» **Records provided**
☆ ☆ ☆ ☆

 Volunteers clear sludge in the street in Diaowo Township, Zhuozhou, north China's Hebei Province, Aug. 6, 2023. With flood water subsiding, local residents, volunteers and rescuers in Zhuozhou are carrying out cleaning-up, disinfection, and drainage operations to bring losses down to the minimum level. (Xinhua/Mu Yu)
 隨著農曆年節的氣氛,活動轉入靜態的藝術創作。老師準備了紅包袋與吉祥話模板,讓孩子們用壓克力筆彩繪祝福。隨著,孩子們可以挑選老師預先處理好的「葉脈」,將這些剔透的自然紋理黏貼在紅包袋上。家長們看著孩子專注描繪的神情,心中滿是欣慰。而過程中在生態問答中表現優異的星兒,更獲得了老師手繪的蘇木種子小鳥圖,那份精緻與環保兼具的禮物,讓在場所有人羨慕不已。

☆ ☆ ☆ ☆

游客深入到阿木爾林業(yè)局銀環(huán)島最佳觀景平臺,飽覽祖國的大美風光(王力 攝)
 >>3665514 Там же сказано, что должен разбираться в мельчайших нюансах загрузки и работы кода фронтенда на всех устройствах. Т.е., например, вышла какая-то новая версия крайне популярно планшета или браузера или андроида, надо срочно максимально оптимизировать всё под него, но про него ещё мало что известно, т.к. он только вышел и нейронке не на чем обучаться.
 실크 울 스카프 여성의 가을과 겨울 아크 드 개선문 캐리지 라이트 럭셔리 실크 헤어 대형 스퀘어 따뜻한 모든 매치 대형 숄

☆ ☆ ☆ ☆

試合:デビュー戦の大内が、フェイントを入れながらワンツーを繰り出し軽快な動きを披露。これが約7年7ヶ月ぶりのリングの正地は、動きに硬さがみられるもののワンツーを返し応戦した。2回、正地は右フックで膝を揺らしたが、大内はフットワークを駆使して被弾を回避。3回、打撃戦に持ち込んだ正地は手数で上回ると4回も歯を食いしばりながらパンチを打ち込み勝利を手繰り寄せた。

☆ ☆ ☆ ☆

» **Required action**
Above this task is a listing. Restate, word for word and with nothing added, the lines from the one with "游客深入到阿木爾林業(yè)" through the one with "실크 울 스카프 여성의".

» **Response area**
游客深入到阿木爾林業(yè)局銀環(huán)島最佳觀景平臺,飽覽祖國的大美風光(王力 攝)
 >>3665514 Там же сказано, что должен разбираться в мельчайших нюансах загрузки и работы кода фронтенда на всех устройствах. Т.е., например, вышла какая-то новая версия крайне популярно планшета или браузера или андроида, надо срочно максимально оптимизировать всё под него, но про него ещё мало что известно, т.к. он только вышел и нейронке не на чем обучаться.
 실크 울 스카프 여성의 가을과 겨울 아크 드 개선문 캐리지 라이트 럭셔리 실크 헤어 대형 스퀘어 따뜻한 모든 매치 대형 숄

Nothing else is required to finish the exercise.